◆ **SUPPLIED MATERIAL**:
□ □ □ □

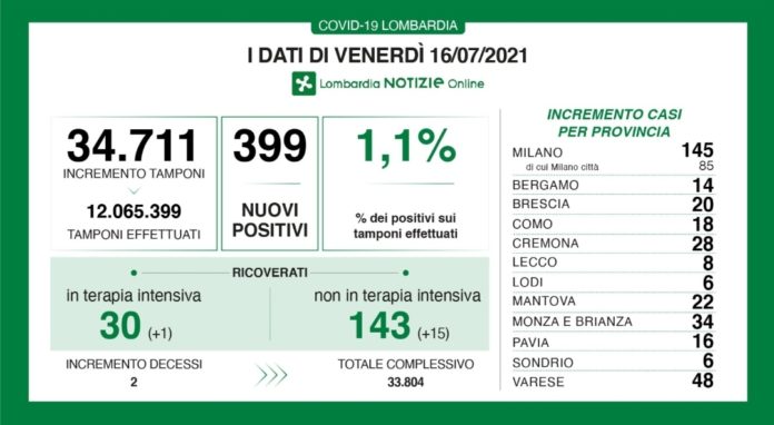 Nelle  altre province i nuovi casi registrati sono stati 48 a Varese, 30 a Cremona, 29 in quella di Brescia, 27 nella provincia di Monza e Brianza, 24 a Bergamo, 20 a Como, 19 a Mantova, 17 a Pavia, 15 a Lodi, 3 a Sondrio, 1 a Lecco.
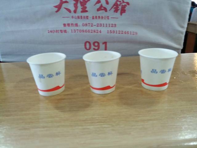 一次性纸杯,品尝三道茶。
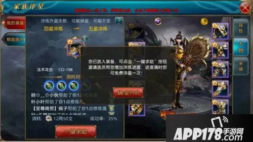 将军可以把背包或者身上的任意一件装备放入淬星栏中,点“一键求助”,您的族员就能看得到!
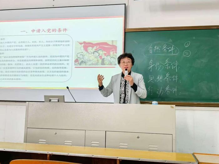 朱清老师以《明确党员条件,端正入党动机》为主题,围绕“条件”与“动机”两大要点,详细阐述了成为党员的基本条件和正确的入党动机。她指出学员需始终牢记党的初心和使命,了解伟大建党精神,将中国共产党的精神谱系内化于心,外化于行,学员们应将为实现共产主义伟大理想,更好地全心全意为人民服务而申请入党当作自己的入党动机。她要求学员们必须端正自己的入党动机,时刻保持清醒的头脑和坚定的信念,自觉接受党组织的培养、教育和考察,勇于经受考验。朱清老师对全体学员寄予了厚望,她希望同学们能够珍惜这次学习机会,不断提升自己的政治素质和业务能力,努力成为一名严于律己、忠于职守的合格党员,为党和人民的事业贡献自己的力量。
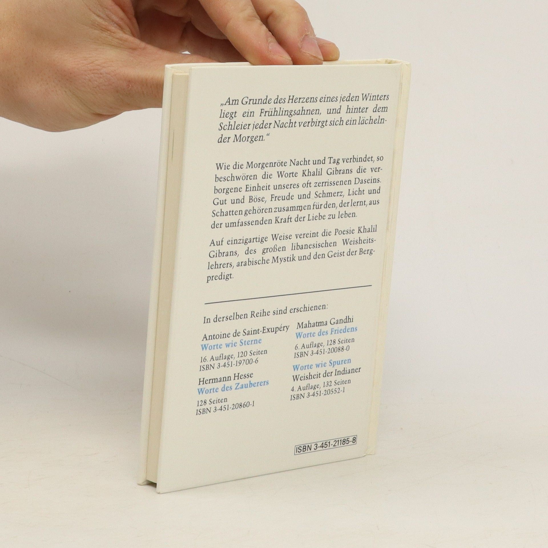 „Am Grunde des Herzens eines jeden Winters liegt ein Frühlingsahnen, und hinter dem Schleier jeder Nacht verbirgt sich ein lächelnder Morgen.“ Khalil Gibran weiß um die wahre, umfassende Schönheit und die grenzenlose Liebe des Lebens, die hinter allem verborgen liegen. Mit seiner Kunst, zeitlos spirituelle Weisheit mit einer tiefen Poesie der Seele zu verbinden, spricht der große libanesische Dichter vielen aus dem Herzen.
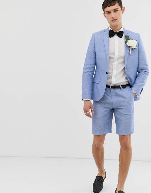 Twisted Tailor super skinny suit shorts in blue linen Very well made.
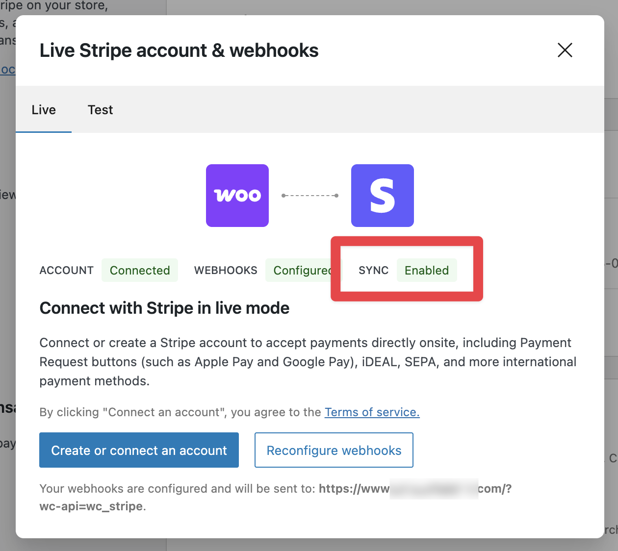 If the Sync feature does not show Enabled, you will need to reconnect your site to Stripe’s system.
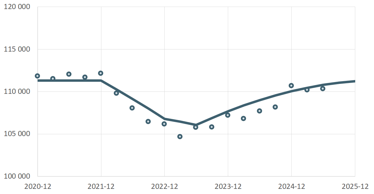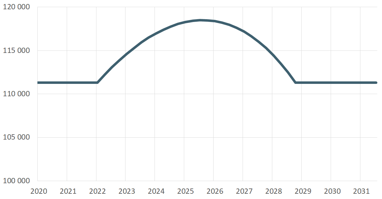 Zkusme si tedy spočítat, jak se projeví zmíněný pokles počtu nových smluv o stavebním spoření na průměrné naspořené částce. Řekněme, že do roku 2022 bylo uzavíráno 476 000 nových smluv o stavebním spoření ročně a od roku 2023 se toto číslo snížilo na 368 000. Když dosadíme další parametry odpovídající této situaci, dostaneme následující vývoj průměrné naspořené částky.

□ □ □ □

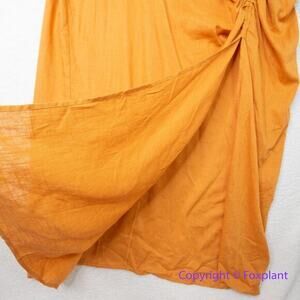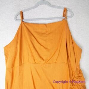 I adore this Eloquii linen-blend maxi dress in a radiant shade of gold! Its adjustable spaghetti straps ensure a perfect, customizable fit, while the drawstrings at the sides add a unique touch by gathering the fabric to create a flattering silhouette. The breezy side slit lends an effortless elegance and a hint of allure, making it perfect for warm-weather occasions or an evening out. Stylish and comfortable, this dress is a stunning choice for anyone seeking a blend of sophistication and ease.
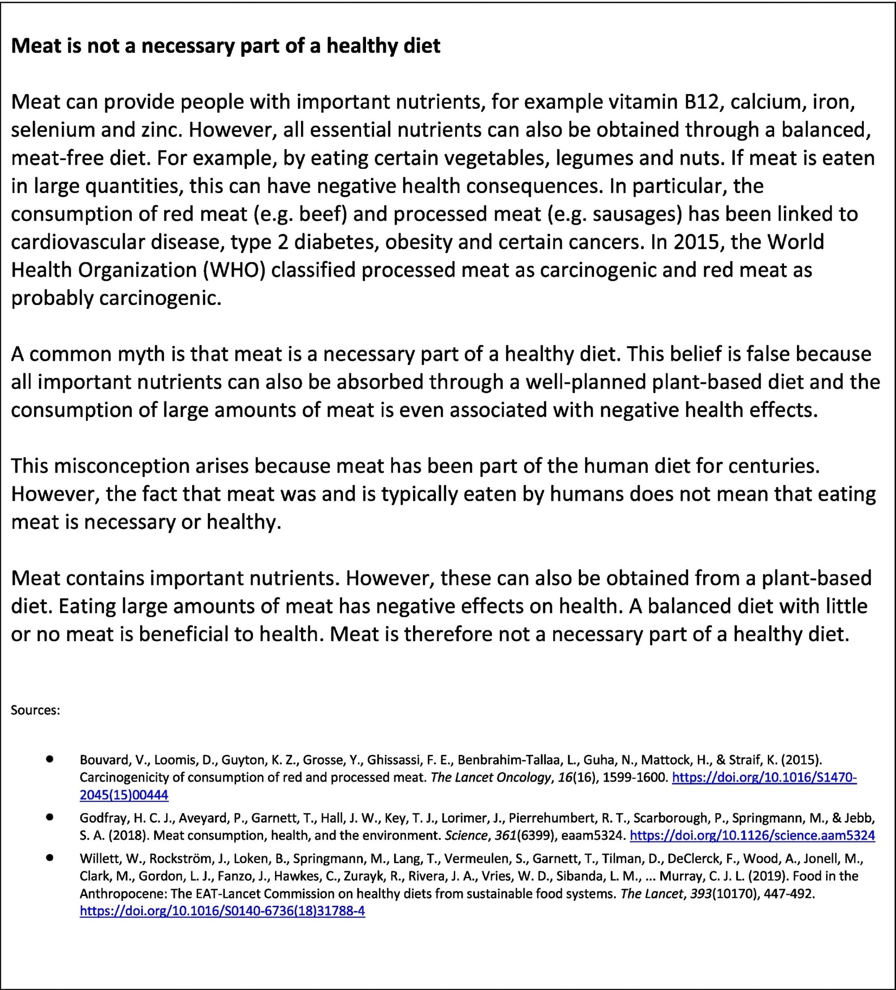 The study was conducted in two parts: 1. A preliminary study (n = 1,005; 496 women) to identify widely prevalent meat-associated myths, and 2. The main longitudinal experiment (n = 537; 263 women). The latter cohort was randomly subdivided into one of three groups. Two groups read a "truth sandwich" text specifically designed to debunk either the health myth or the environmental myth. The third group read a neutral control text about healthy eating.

□ □ □ □

◆ **WHAT YOU HAVE TO DO**: Between and including the line with "Twisted Tailor super" and the line with "If the Sync", repeat every line exactly as it appears above, with pictures left out.

◆ **TASK ANSWER**:
 Twisted Tailor super skinny suit shorts in blue linen Very well made.
 If the Sync feature does not show Enabled, you will need to reconnect your site to Stripe’s system.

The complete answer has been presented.